An individual I work with, a 45-year old woman who had found tremendous professional and personal “success” in earlier years in that “upwardly” straight line I mentioned, recently found herself right back to the financial and personal circumstances she faced over 25 years ago in college. While she did everything “right” her whole life and achieved so much beyond an average person by her mid-30’s, at one time having a net worth of several million and being a generous philanthropist to the needy, today, she finds herself on the other side of the giving line. Today, she shops at discount stores for plastic boxes to assemble a makeshift closet for what little clothing she has left. In a span of less than 12 months, due to the economy, she lost a half million dollar home and sold all of her possessions to survive. She has nothing left but a few possessions and her beloved pets. Yet, she called me one morning and started the conversation by telling me that she was shopping for the same things that she did when she was poor in college- plastic crates and boxes for makeshift closets. We all remember our poor college days, but in those days, we didn’t know what we know today. Less than 5 years ago she was shopping at Neiman Marcus and she was on the cover of a magazine for her philanthropic and charitable work. Then she laughed and said something remarkable to me. She said “I could be really sad about this whole thing, but you know what, these plastic closet things have really come a long way! They are so well-made these days and there are so many options and styles, I’m so excited about it!”

And I reminded her that life is a circle – though we may find ourselves where we were 20 or 30 years ago with our finances or circumstances, life is not a race, it’s not a straight line we have to follow towards increasing amounts of fame or fortune. Life is a circle! Life is this wonderful continuous circle – and because of advances and innovations in our outside world, when we find ourselves traversing that circle, though we may feel that we’ve gone right back to where we started, that part of the circle is actually very different. It has shaped and changed and evolved…just like our souls and inner selves do.

As we travel this circle, we grow in wisdom and rounding any curve of it, we can sense change, from childhood to adolescence to adulthood to old age and to what we know as death.

Another client I have been working with lost her parents at a very young age and was adopted into a household where she was accepted. Though she felt loved, she did not feel right or that she was in her right life. Her life felt untrue. She began to work with her deeper self at the soul level or the hub of the circle and by going into her own deeper reality she found that her life was different than the straight line she was living. She found there were many facets and aspects she could meander through. She found that the curve of her life had valleys and peaks and that she could travel along the spokes and do inward or outward. She felt unlimited. She felt she could explore possibilities. She felt her dream life informed her waking life. She began to believe that her birth into her body was but one of many possible lifetimes. She felt there were no endings and really no beginnings.

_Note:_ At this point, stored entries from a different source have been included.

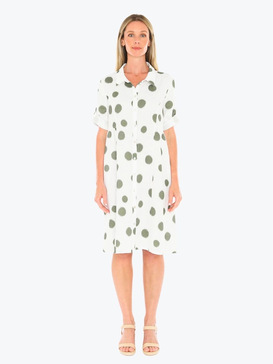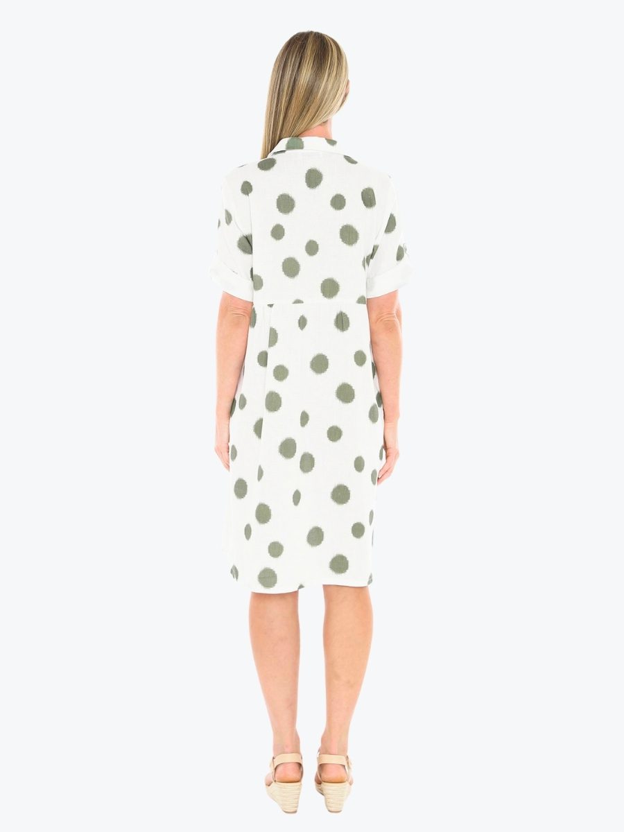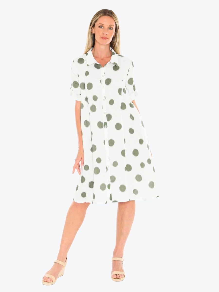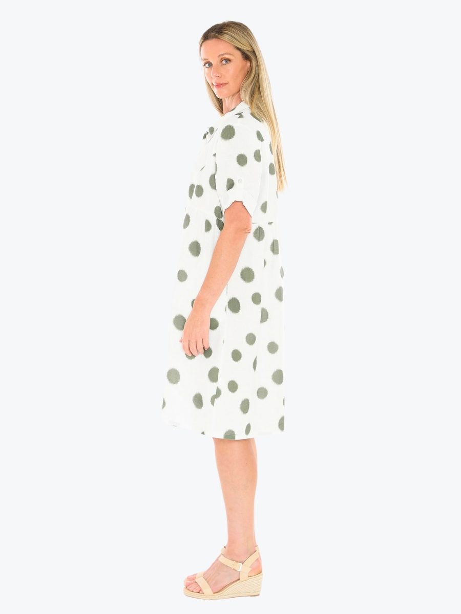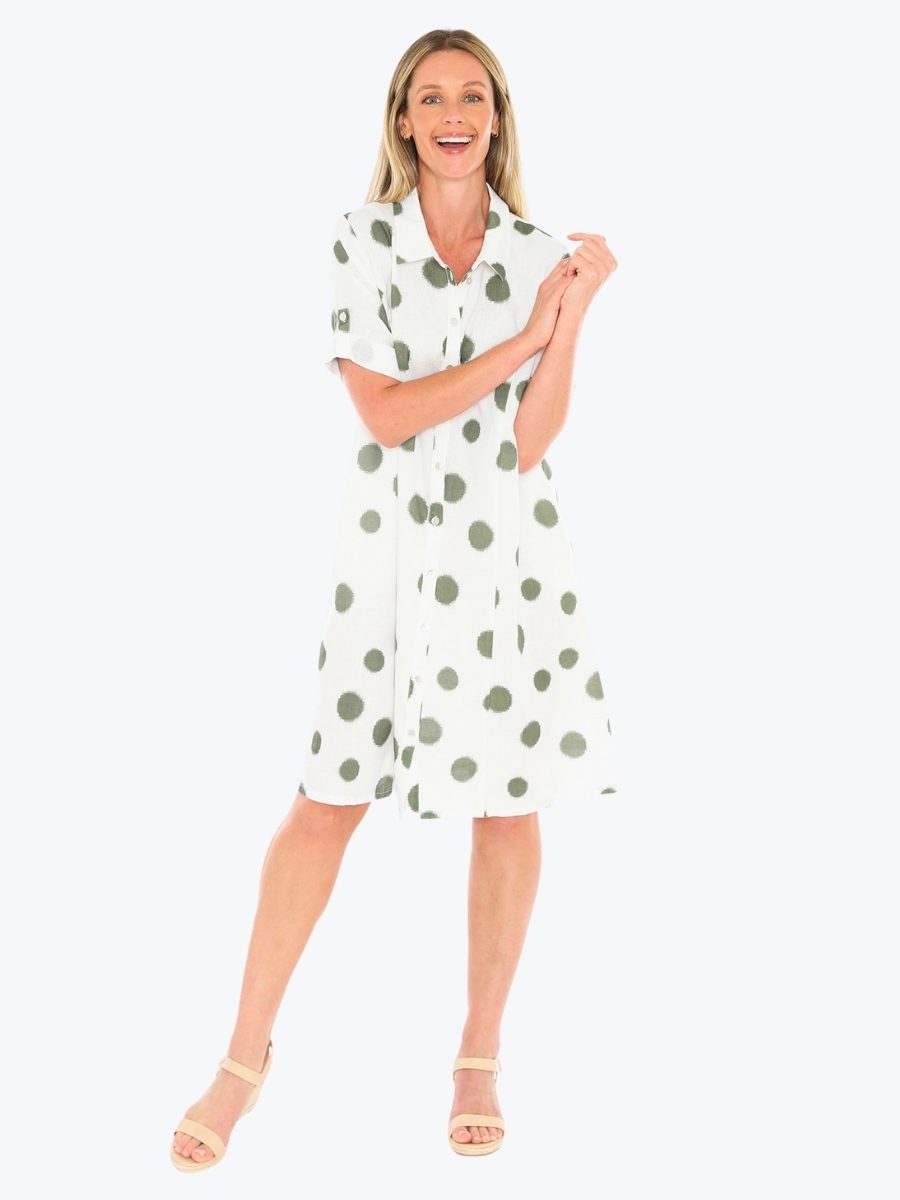 Where playful meets poised. The Scratch Spot Dress from Jump brings a modern twist to everyday dressing, with abstract dots that dance across soft, breathable 100% linen fabric. This is a button through to the collar dress, with the relaxed silhouette and rolled sleeves offering laid-back polish. This dress is designed to be around knee length on most. From weekday errands to weekend brunches, this dress is your throw-on-and-glow essential – easy, expressive, and endlessly wearable.
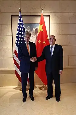 - ^ 云涌 (July 18, 2023). "中美部分会议气氛紧张!美国特使克里:气候合作可能重新定义中美关系". FX168财经报社. Archived from the original on July 18, 2023. Retrieved July 18, 2023.
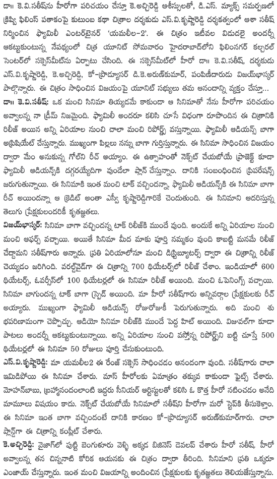 ‘యమలీల 2’ సక్సెస్ మీట్ విశేషాలు
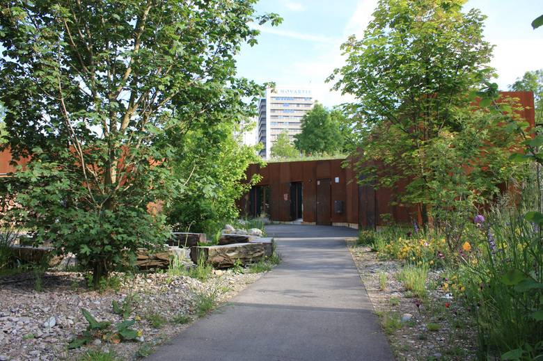 Der Park erfährt eine Neuordnung: Der bestehende, beschränkt offene Robi-Spielplatz wird vom östlichen in den südlichen Teil verlegt. Entlang der verkehrsberuhigten Voltastrasse bildet das eingezäunte Gelände des Robi-Spielplatzes einen transparenten Abschluss der Anlage. Die vorhandenen, unterschiedlichen Kleinbauten werden als Gebäudeensemble neu erstellt wird. Im Hauptgebäudes wird eine Buvette und das WC untergebracht. Die Buvette in der westlichen Kopfseite stellt durch ihre Position zwischen Park und Voltaplatz und ihrem Angebot ein Treffpunkt dar. Daneben markiert sie den Eingang und erinnert an das Limonadenhäuschen aus den Anfängen der Anlage.
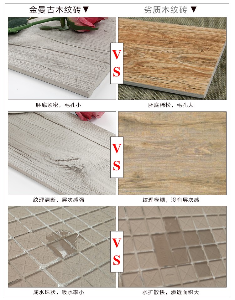 金曼古木紋磚,是一種表面呈現(xiàn)木紋裝飾圖案的環(huán)保建材.紋路逼真、自然樸實、沒有木地板褪色、不耐磨等缺點;曼古陶瓷木紋磚系列線條明快,圖案清晰為特色。本身具有阻燃,不腐蝕的特點,綠色、環(huán)保型建材;產(chǎn)品使用壽命長,耐磨,無需像木制產(chǎn)品那樣周期性地打蠟保養(yǎng)等.
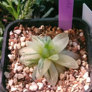 ハオルチア(♀[?]巨大赤線レンズオブツーサ×♂[?]べヌスタN1) 整理用のラベルが書いてありますね。ベヌスタN1×巨大赤線レンズオブツーサ。あの頃の幻想的な感じが、、大苗になっても出ればいいのですが、腕によりけりでもないし、運もいるし? 早くも違ってきました^^ それも、ありですね。分かんねーだろな? 4cmポットなので、早めに5月中旬までにはひと回りふた回り大きなポットに植え替えをしたいです。
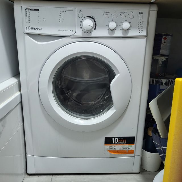 Detalles del productoLavadora blanca de carga frontal Indesit.
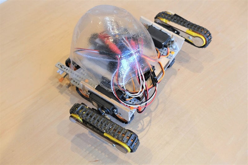 続いて二番手はozzy。彼のロボット「Mr.yellow」は、チャームポイントの黄色いボディに加えて、モーターを増設、自作の木で出来た車輪も搭載していました。

She felt free. She began to live from her heartbeat outward into the world. She chose new and different experiences and relationships. She celebrated moments without expecting a different ego influenced outcome.

She gave to others. She fell in love. She traveled around the curve of her life and ventured back and forth to and into her hub or true self. She noted the different parts of her circle. She began to think of death as the beginning of a new life. She lost fear and anxiety. Fear became true moments. Anxiety drifted away like a cloud of disbelief.

To think of living as a continuous event gives us the courage to move forward in a more meandering fashion and not in a hurried, often harried straight line with the anxiety that a dead end can provoke.

Once you remember that the center or hub of the circle of life is our heart and within that drumbeat is the energy force we call self or soul, you’ll find the power to continue to traverse the circle in ways that feed your soul…for life.